Migrations in Python - Alembic¶
Python has a very simple yet powerfull framework for managing database migrations - Alembic
. As the authors put it:
“Alembic is a lightweight database migration tool for usage with the SQLAlchemy Database Toolkit for Python”. One can read on the Alembic website for more information.
To initialize the root folder for alembic, type the command:
alembic init alembic-migrations
This will create a folder alembic-migrations
in the current directory along with a alembic.ini
file:
├── alembic.ini
├── alembic-migrations/
│ ├── env.py
│ ├── README
│ ├── script.py.mako
│ └── versions/
The alembic.ini
file contains the configuration for the database connection and general alembic behaviour.
The env.py
file holds the environmental variables for the database connection and where the objects from other Python scripts get impoerted.
The script.py.mako
file is the template for the migration scripts.
The versions
folder is where the migration scripts are stored.
For now, let us imagine that we have a running database in a container on localhost port 5429. The database name is postgres.
Alembic in action¶
alembic.ini file¶
The alembic.ini file holds the URI to connect to a database in question. It is a best practise to use on alembic.ini file per database. By default it is populated with some variables. The most important one is sqlalchemy.url
one. By default, the value is:
sqlalchemy.url = driver://user:pass@localhost/dbname
We will change it to:
sqlalchemy.url = postgresql://user:password@localhost:5429/postgres
Now every time we run a command alembic ...
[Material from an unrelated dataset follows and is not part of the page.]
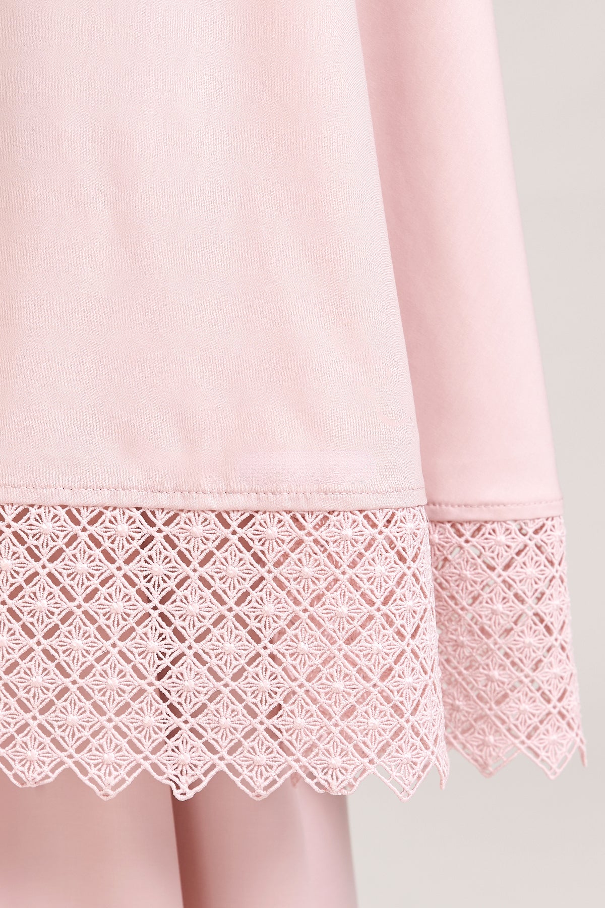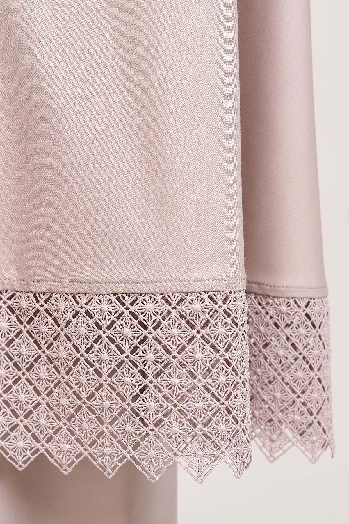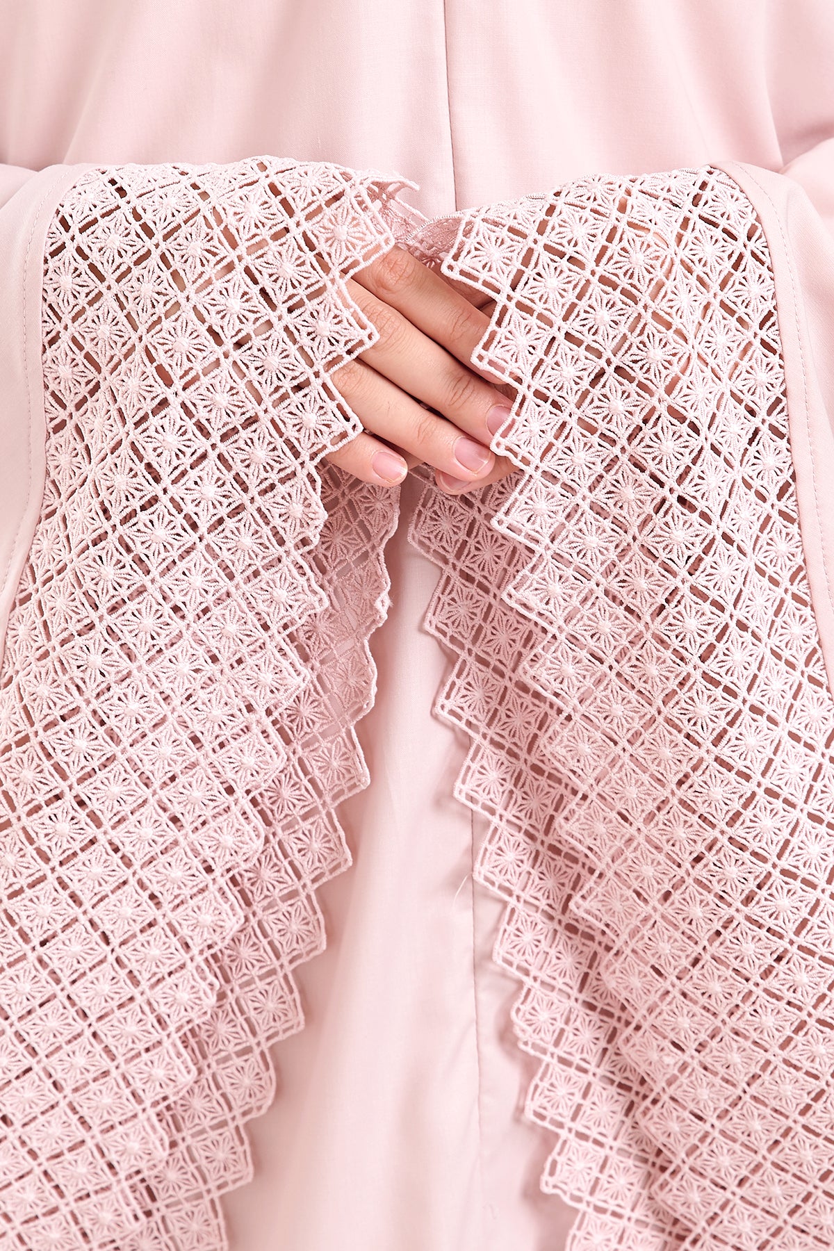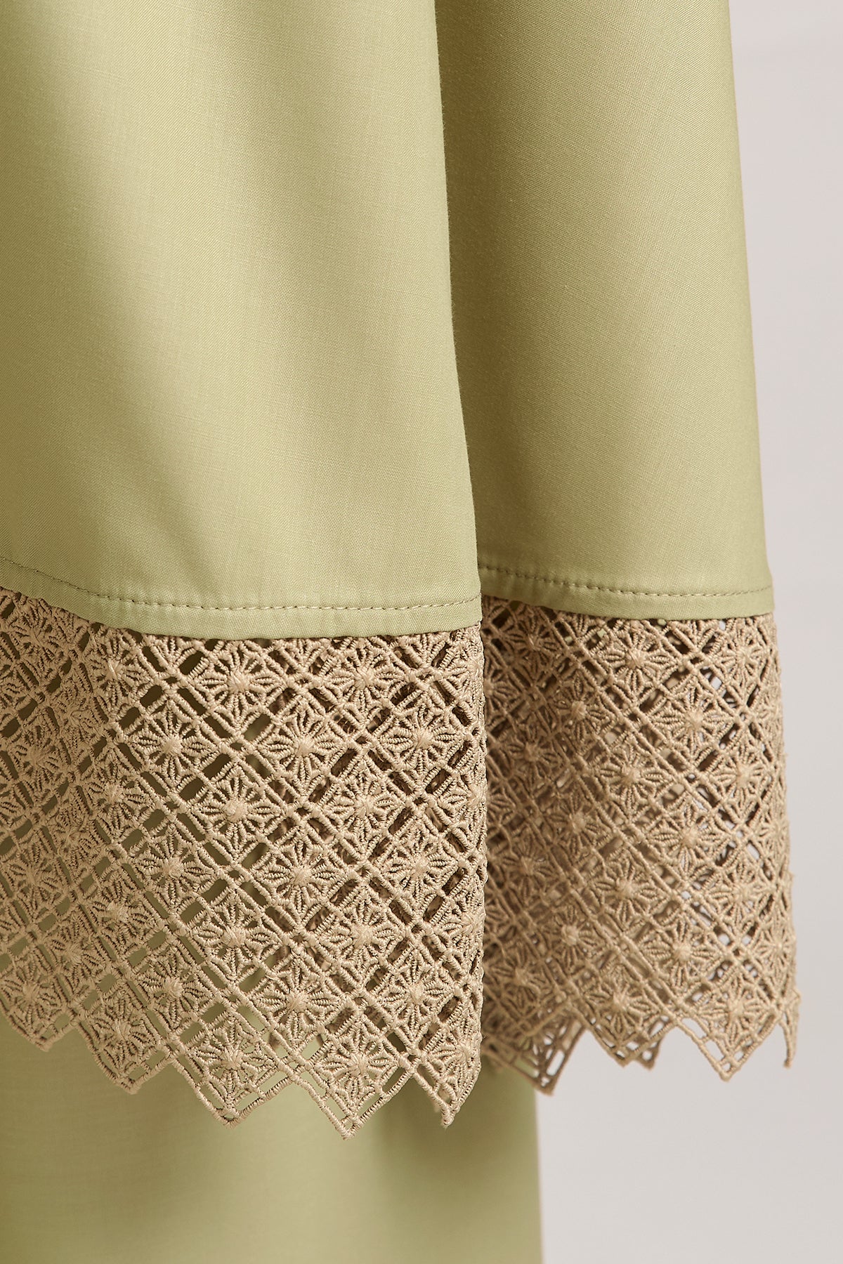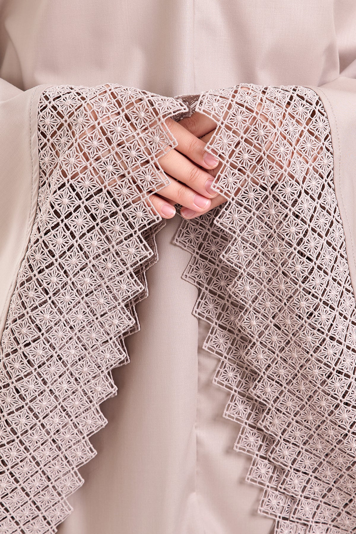 Crafted from the reputable KUF/KUF+ fabric, this telekung ensures ventilation, durability, quick drying, and a soft skin feel. The detailed and durable khadura lace, inspired by Asanoha's geometry sets it apart. Matching designs for adults and kids allow for coordination, and its UV protection makes it the ideal choice for protective prayer sessions. Available in Classic and Harmony facelook, it also comes in midi size, and a separate option includes an adjustable-length jupe skirt.

it will try to connect via the URL we specified and make changes there.
models.py file¶
This is a user created file holding all the database models (tables). We define the tables with the already seen SQLAlchemy declarative base class.
!cat alembic-migrations/models.py
# ORM functions for the database
from sqlalchemy.orm import declarative_base
# Model creation
from sqlalchemy import Column, Integer, String, DateTime
# Dates and times
import datetime
# Initiating the Base class
Base = declarative_base()
# Defining the models - Request and Response
class User(Base):
# Table name in database
__tablename__ = 'users'
# If any changes are made to the columns, allow the database to know about it
__table_args__ = {'extend_existing': True}
id = Column(Integer, primary_key=True)
username = Column(String)
password = Column(String)
create_datetime = Column(DateTime)
def __init__(self, username: str, password: str):
self.username = username
self.password = password
self.create_datetime = datetime.datetime.now()
The initial table will have the following columns: username
, password
, create_datetime
. Now we need to somehow tell alembic about this table.
env.py file¶
We will be importing all of our created database tables into this file.
On the top of the file, add the following line:
from models import Base
Alembic will infere (when it is invoked) information about all the classes that extend the Base
class and will now about all the wanted collumns and relationships.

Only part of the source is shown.